══ Data for this exercise ══

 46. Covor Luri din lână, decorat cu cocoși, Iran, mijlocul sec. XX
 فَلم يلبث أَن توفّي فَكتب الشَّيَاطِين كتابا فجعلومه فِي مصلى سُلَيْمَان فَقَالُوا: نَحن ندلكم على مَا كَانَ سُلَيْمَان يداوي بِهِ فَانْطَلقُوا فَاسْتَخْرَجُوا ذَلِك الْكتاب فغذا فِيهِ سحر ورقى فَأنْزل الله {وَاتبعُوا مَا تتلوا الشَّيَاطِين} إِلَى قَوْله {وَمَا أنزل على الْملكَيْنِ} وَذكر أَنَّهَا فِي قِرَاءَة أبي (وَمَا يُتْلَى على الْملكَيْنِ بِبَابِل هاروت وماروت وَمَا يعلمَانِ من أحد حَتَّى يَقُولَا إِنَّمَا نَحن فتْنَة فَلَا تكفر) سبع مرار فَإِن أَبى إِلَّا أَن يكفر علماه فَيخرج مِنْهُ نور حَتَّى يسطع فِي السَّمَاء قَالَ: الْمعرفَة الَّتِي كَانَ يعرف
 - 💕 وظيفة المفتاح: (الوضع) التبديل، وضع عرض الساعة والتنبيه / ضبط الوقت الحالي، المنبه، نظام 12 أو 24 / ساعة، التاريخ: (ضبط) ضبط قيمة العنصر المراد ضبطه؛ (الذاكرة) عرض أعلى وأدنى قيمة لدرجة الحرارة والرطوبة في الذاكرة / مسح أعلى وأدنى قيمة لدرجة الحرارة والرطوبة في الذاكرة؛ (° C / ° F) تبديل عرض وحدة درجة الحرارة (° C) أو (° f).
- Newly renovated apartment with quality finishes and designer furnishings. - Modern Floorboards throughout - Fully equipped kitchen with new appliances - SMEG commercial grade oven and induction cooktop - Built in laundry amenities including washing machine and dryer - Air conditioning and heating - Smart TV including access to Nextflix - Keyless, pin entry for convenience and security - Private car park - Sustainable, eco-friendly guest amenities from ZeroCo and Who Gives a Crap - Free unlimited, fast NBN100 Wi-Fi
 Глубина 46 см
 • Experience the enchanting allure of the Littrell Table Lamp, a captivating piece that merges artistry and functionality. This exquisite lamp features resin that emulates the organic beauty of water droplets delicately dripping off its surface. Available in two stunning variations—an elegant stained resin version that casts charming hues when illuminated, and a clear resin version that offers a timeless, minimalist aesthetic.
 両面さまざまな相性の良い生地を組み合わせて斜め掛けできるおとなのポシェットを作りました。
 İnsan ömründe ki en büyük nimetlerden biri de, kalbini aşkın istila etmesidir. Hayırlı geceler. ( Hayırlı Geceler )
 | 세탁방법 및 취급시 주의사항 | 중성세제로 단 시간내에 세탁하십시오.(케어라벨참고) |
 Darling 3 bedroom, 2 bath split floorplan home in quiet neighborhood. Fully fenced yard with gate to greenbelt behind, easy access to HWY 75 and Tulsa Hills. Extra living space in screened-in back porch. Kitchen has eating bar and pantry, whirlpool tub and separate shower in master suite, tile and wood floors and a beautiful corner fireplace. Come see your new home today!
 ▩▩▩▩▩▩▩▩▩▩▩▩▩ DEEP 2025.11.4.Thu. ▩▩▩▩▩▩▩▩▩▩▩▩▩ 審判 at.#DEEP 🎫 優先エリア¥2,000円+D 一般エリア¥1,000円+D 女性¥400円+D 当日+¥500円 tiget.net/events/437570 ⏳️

═══

What you will do: Lines containing the string "with" in the entries above should be counted. State that number alone.

Solution: 2